Problem to work on -
Write again exactly the lines in the listing below, starting at the line with "COMMONWEALTH FIJI (36var)" and ending at the line with "近日,美国东北部地区遭遇冬季风暴带来的降雪,部分地区出行受阻。", both included. Pictures are not copied.

Extracted material -
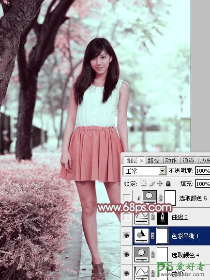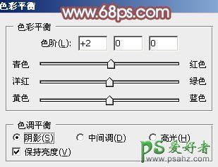 9、创建色彩平衡调整图层,对阴影,高光进行调整,参数设置如图23,24,效果如图25。这一步加强图片暗部及高光部分的颜色。
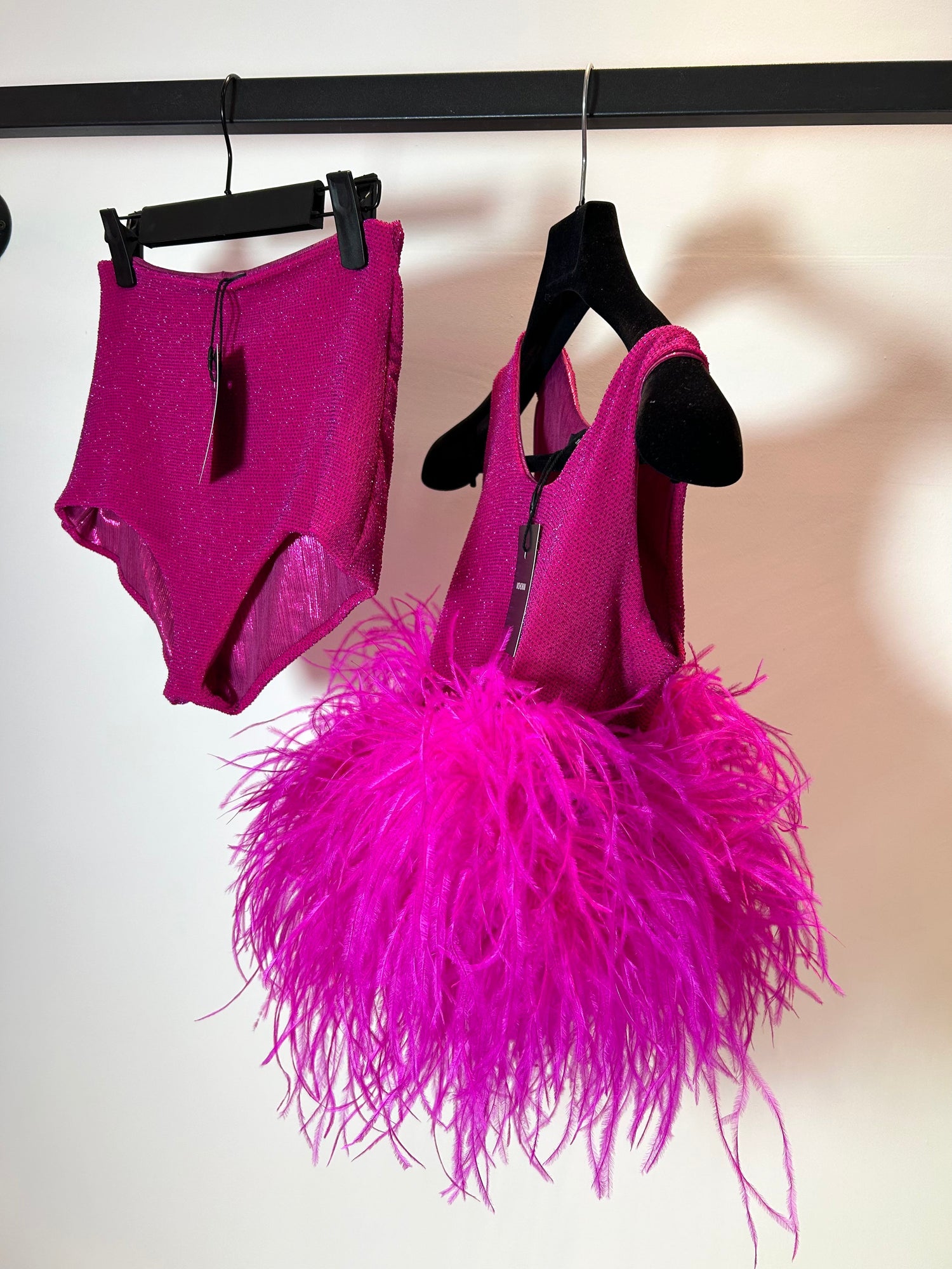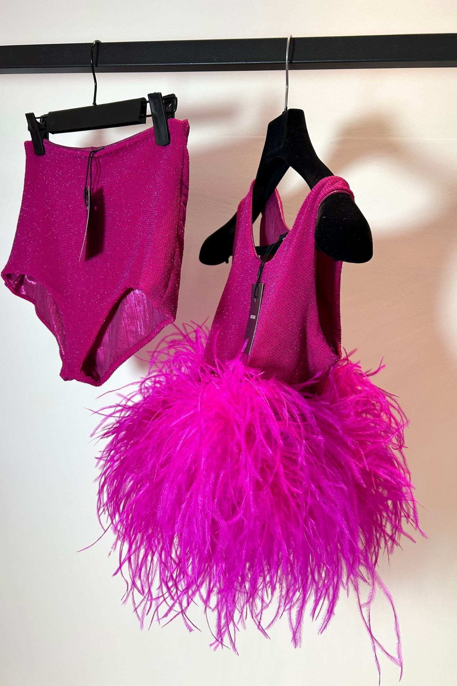 Introducing the elegant LIBERTY FEATHER TRIM CO-ORD, designed with sparkling accents and detailed craftsmanship. This luxurious set features a fully-lined vest and matching nicker shorts. Our feathers the finest quality and are custom-made in the U.K. Step out in style this season with a show stopping set you won't find anywhere else. Limited quantities available.
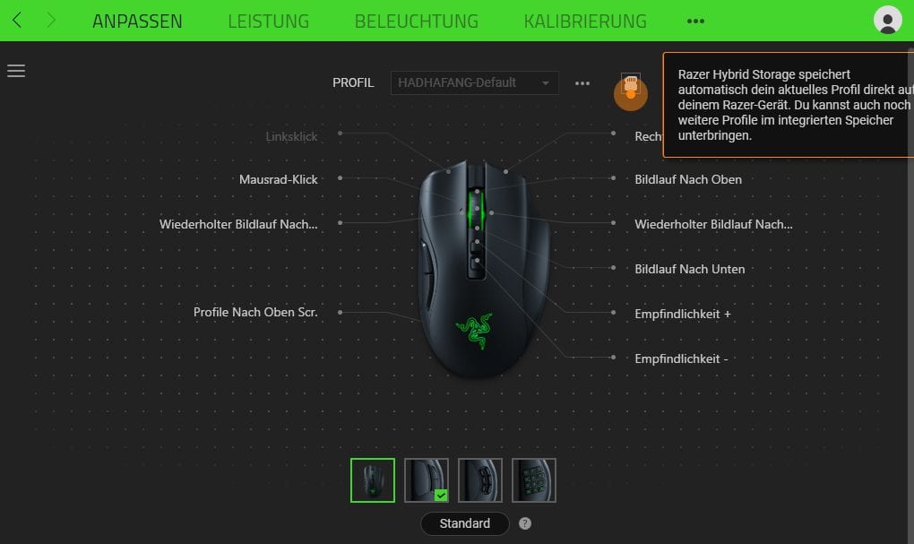 Egal ob Anpassungen an First-Person-Shooter, Battle Royale oder MMO: Es gibt so viele Möglichkeiten der Individualisierung, das einem fast der Kopf platzt. Während die klassischen 2-Tasten- und 12-Tasten-Module Trinity-Besitzern noch bekannt sein sollten, hat das neue 6-Tasten Modul das radiale 7-Tasten-Seitenteil ersetzt. Gerade Battle Royale-Spieler sollen hiermit auf ihre Kosten kommen. Die individuelle Belegung von Tasten, Makros sowie Einstellungen an DPI-Stufen, Energieverwaltung oder RGB können wir dabei kinderleicht und schnell via Razer Synapse vornehmen.
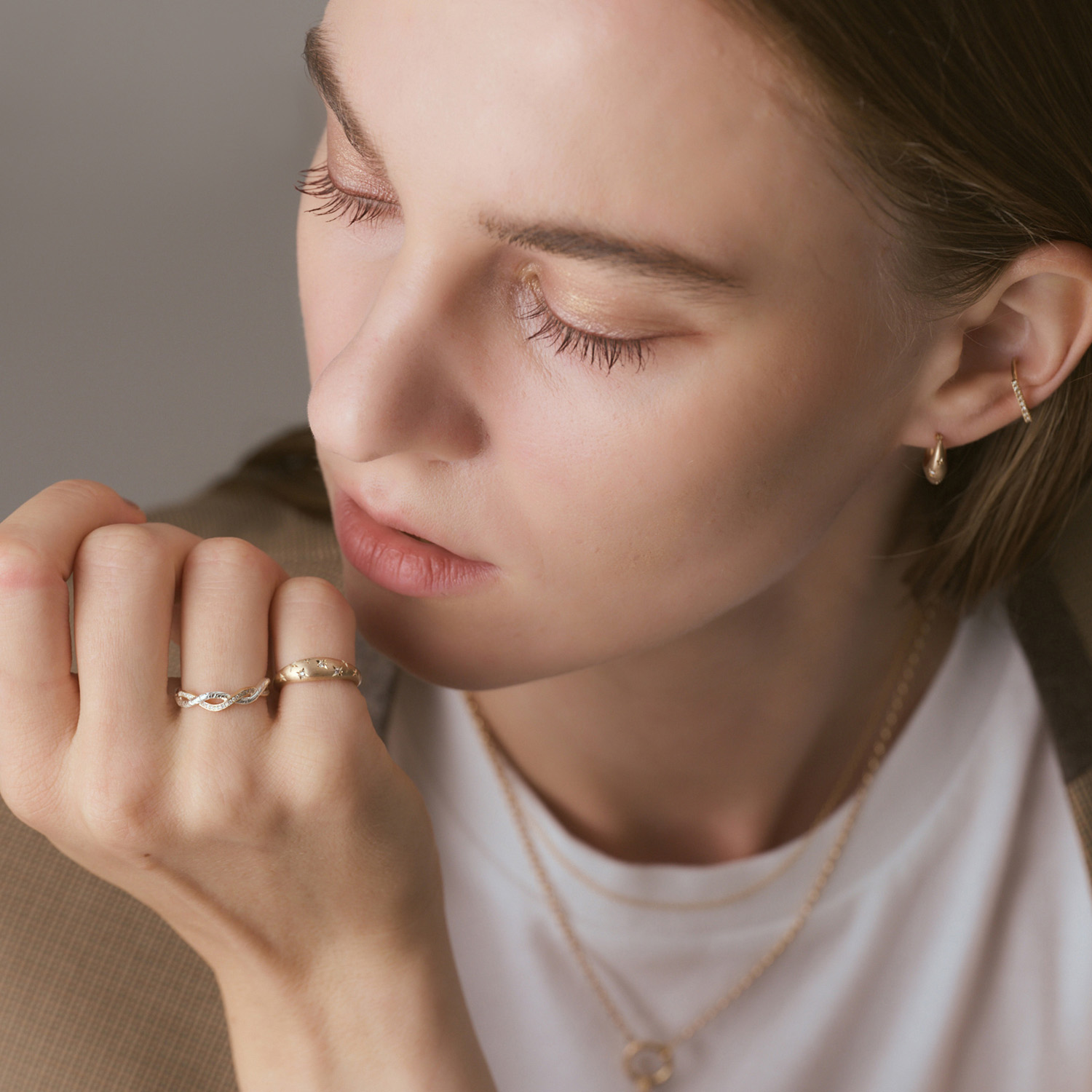 即使是休闲装扮,仅佩戴这一枚戒指也可营造松弛感十足的时尚氛围。
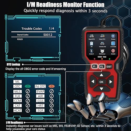 🚗【Professional OBD2 Scanner Diagnostic Tool with Powerful Functions】:OBD2 scanner code reader feature built-in 35901 OBD2 DTCs lookup library, As professional car scanner, the obd2 scanner diagnostic tool will help you to determine the cause of the engine light,📋read I/M readiness, 🔎Read & clear codes, 💡turn off engine light or MIL, ❄view freeze frame, 🚕retrieve vehicle VIN, 🔋battery voltage test, 📈live data stream,O2 sensor test, onboard monitoring mode, and perform component testing etc
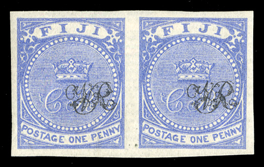 COMMONWEALTH FIJI (36var) 1876 1p ultramarine, horizontally laid paper, imperforate horizontal pair, h.r., v.f. (SG 31c, £750) (Image)
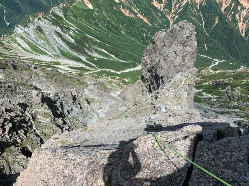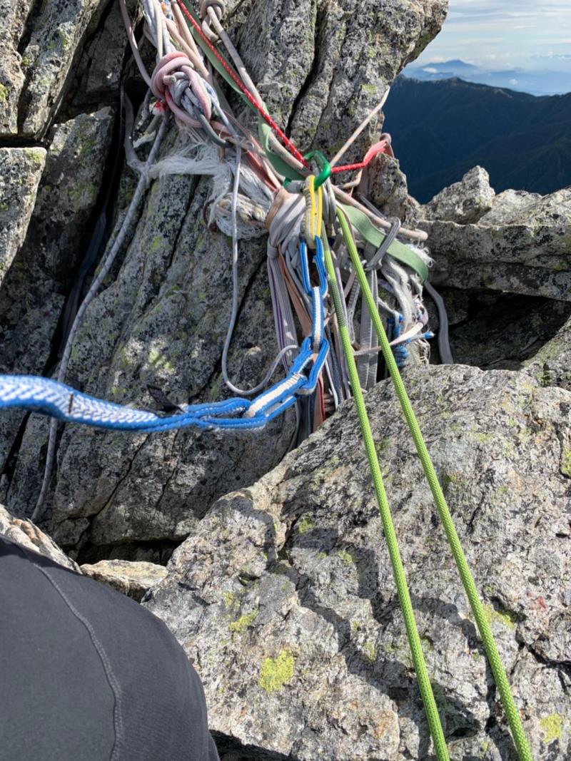 山頂からは、残置のビナを使って懸垂下降で取り付きまで。60mでギリギリ、50mのダブルロープがベスト。
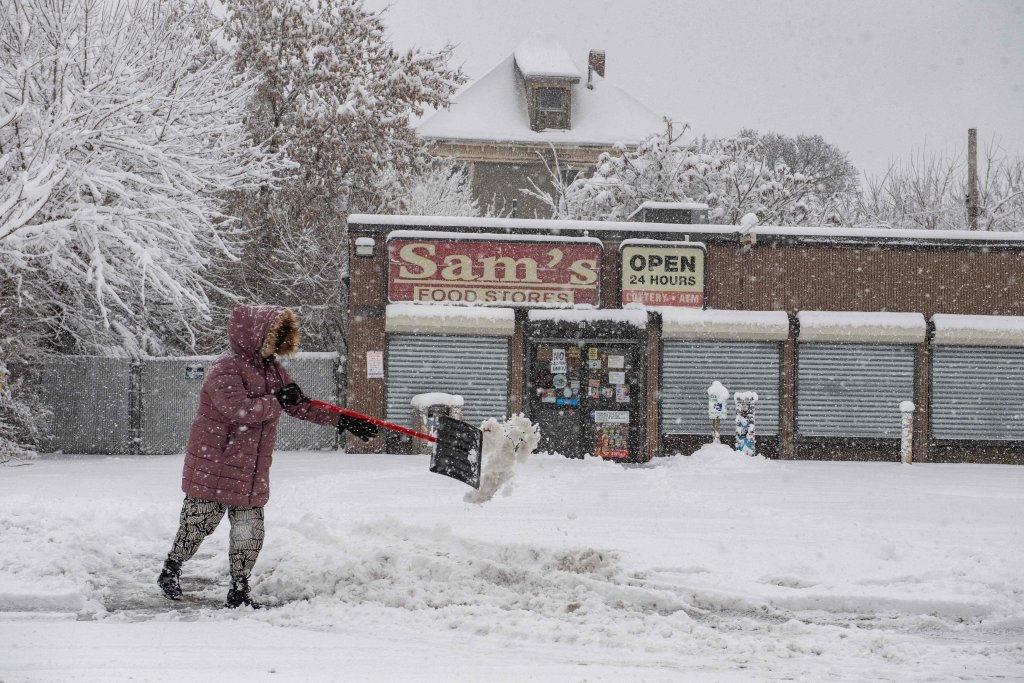 近日,美国东北部地区遭遇冬季风暴带来的降雪,部分地区出行受阻。
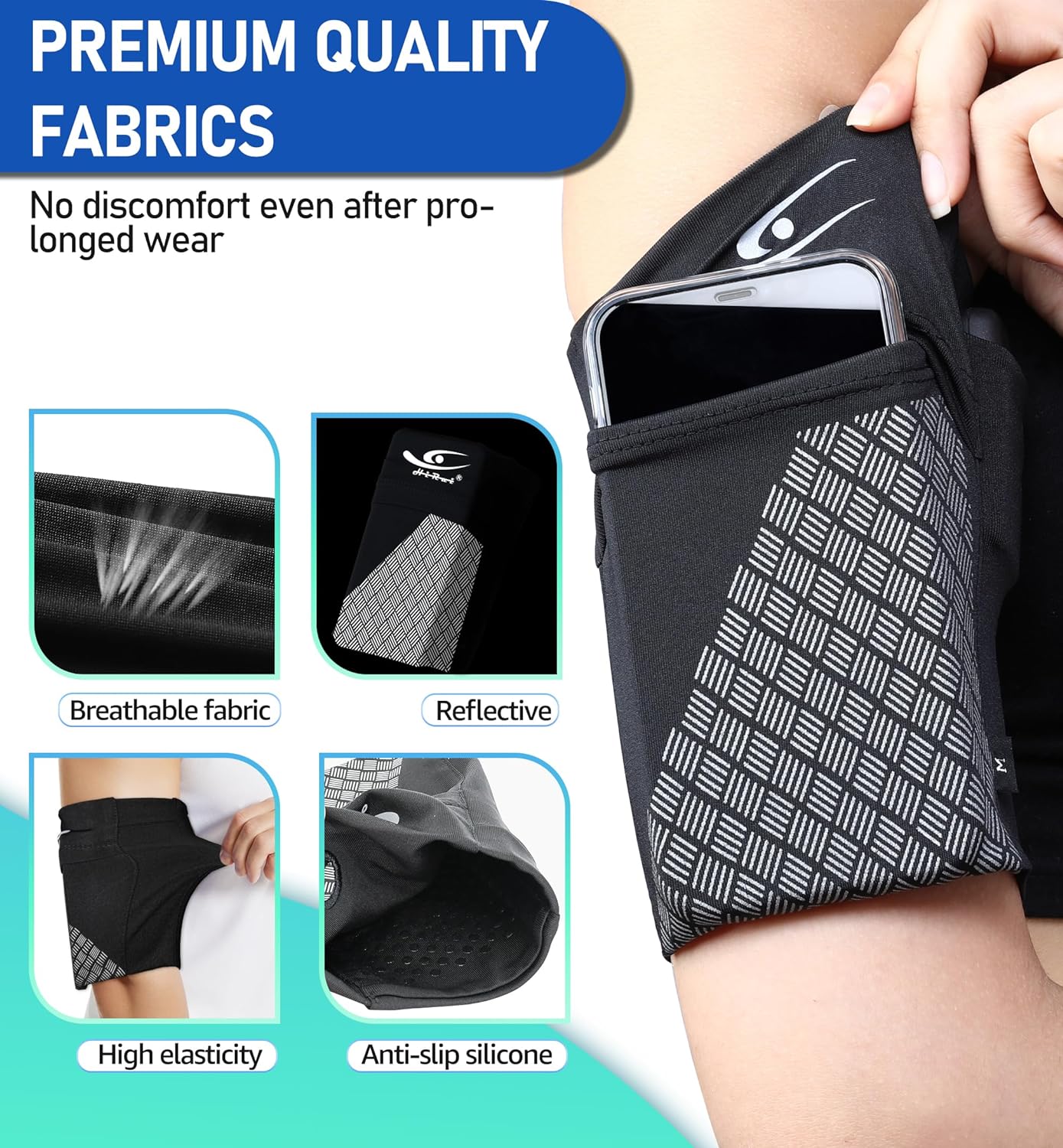 Crafted from high-elastic, breathable Lycra, this lightweight and snug armband ensures maximum comfort without any irritation.Featuring a convenient storage compartment for your phone and cards, two side pockets for keys and cash.

Task solution -
 COMMONWEALTH FIJI (36var) 1876 1p ultramarine, horizontally laid paper, imperforate horizontal pair, h.r., v.f. (SG 31c, £750) (Image)
 山頂からは、残置のビナを使って懸垂下降で取り付きまで。60mでギリギリ、50mのダブルロープがベスト。
 近日,美国东北部地区遭遇冬季风暴带来的降雪,部分地区出行受阻。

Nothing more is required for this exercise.